Avi Shlaim: Israel's "new history" and the Palestinians
[Avi Shlaim is a professor of international relations at St Antony's College, Oxford. Among his books are The Iron Wall: Israel and the Arab World (WW Norton, 1999) and (as co-editor) The War for Palestine: Rewriting the History of 1948 (Cambridge University Press, 2001). His most recent book is Lion of Jordan: the Life of King Hussein in War and Peace (Penguin, 2007).]
1948 was a year of triumph and tragedy - triumph for the Jews and tragedy for the Arabs of Palestine. Israelis refer to the key event of that year as"the war of independence" whereas Palestinians refer to it as the nakba or the catastrophe. Each of the participants in the first Arab-Israeli war has its own narrative of what happened in that fateful year.

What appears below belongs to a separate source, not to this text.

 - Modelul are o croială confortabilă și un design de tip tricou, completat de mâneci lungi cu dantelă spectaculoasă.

In this article I shall look exclusively at the Israeli narrative and its consequences.
To begin with, a personal note. I am an Iraqi Jew who grew up in Israel and lived most of his life in Britain. And I feel doubly guilty towards the Palestinians. As an Englishman, I am ashamed of my adopted country's astonishing record of duplicity and betrayal going all the way back to the Balfour declaration of 2 November 1917. As an Israeli, I am burdened by a heavy sense of guilt for the injustice and suffering that my people have inflicted on the Palestinians over the last sixty years (see"Israel at 60: the ‘iron wall" revisited", 8 May 2008).
The traditional Zionist rendition of the events of 1948 is well known and widely accepted in the west. It lays all the blame for the war and its consequences on the Arab side. This is a nationalist version of history; as such, it is simplistic, selective, and self-serving. It is, essentially, the propaganda of the victors. It presents the victors as victims, and it blames the real victims - the Palestinians - for their own misfortunes.

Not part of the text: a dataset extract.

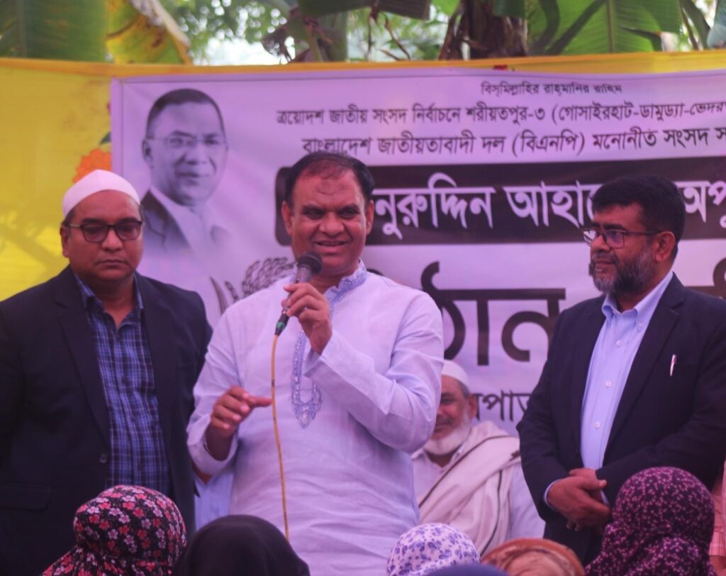 আসন্ন ত্রয়োদশ জাতীয় সংসদ নির্বাচন উপলক্ষে শরীয়তপুর–৩ (গোসাইরহাট, ডামুড্যা ও ভেদরগঞ্জ) আসনের বাংলাদেশ জাতীয়তাবাদী দল (বিএনপি) মনোনীত প্রার্থী মিয়া নুর উদ্দিন অপুর উঠান বৈঠক ও জনসংযোগ অনুষ্ঠিত হয়েছে।

Yet until the late 1980s this one-sided narrative went largely unchallenged outside the Arab world. The fortieth anniversary of the creation of the state of Israel in 1988 was accompanied by the publication of four books:
* Simha Flapan, The Birth of Israel: Myths and Realities (Pantheon, 1987)
* Benny Morris, The Birth of the Palestinian Refugee Problem, 1947-1949 (Cambridge University Press, 1988)

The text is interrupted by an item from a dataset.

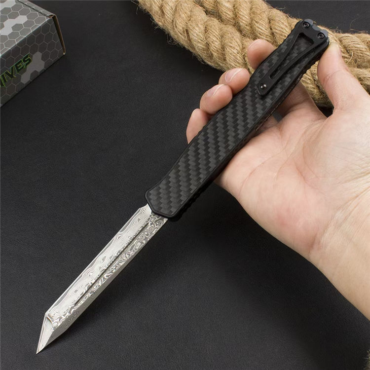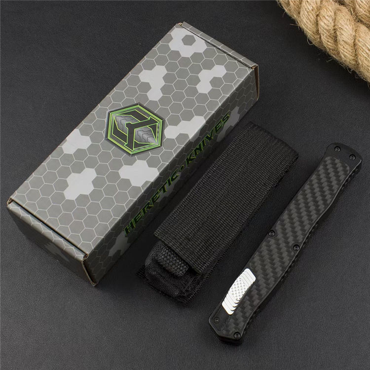 异教徒牧师2直出跳刀 全长:250mm 刃长:100mm 柄长:146mm 刃宽:1.75cm 刃厚:3mm 刃材:大马士革钢 柄材:6061 T6铝合金+碳纤维贴片 背夹:氮化硅精密陶瓷珠背夹 硬度:60HRC 净重:125g 重量:175g(含包装) 附件:原装彩盒 尼龙套 这款 Heretic Cleric II OTF整刀用,CNC,电脑锣,线切割制作而成,手工,精密度非常高,很值得收藏的一把刀

* Ilan Pappé, Britain and the Arab-Israeli Conflict, 1948-1951 (Palgrave, 1988)
* Avi Shlaim, Collusion Across the Jordan: King Abdullah, the Zionist Movement, and the Partition of Palestine (Columbia University Press, 1988).
Between us, the four authors challenged many of the myths that had come to surround the birth of Israel and the first Arab-Israeli war. We came to be known collectively as the"new historians" (or the"revisionist" Israeli historians). The publication of our books triggered the equivalent of a Historikerstreit - a war of the Israeli historians.
There are four main areas of controversy in the debate about 1948:
* Britain's policy in the twilight of the Palestine mandate
* The military balance in 1948
* Arab war aims
* The causes of the Palestinian refugee problem.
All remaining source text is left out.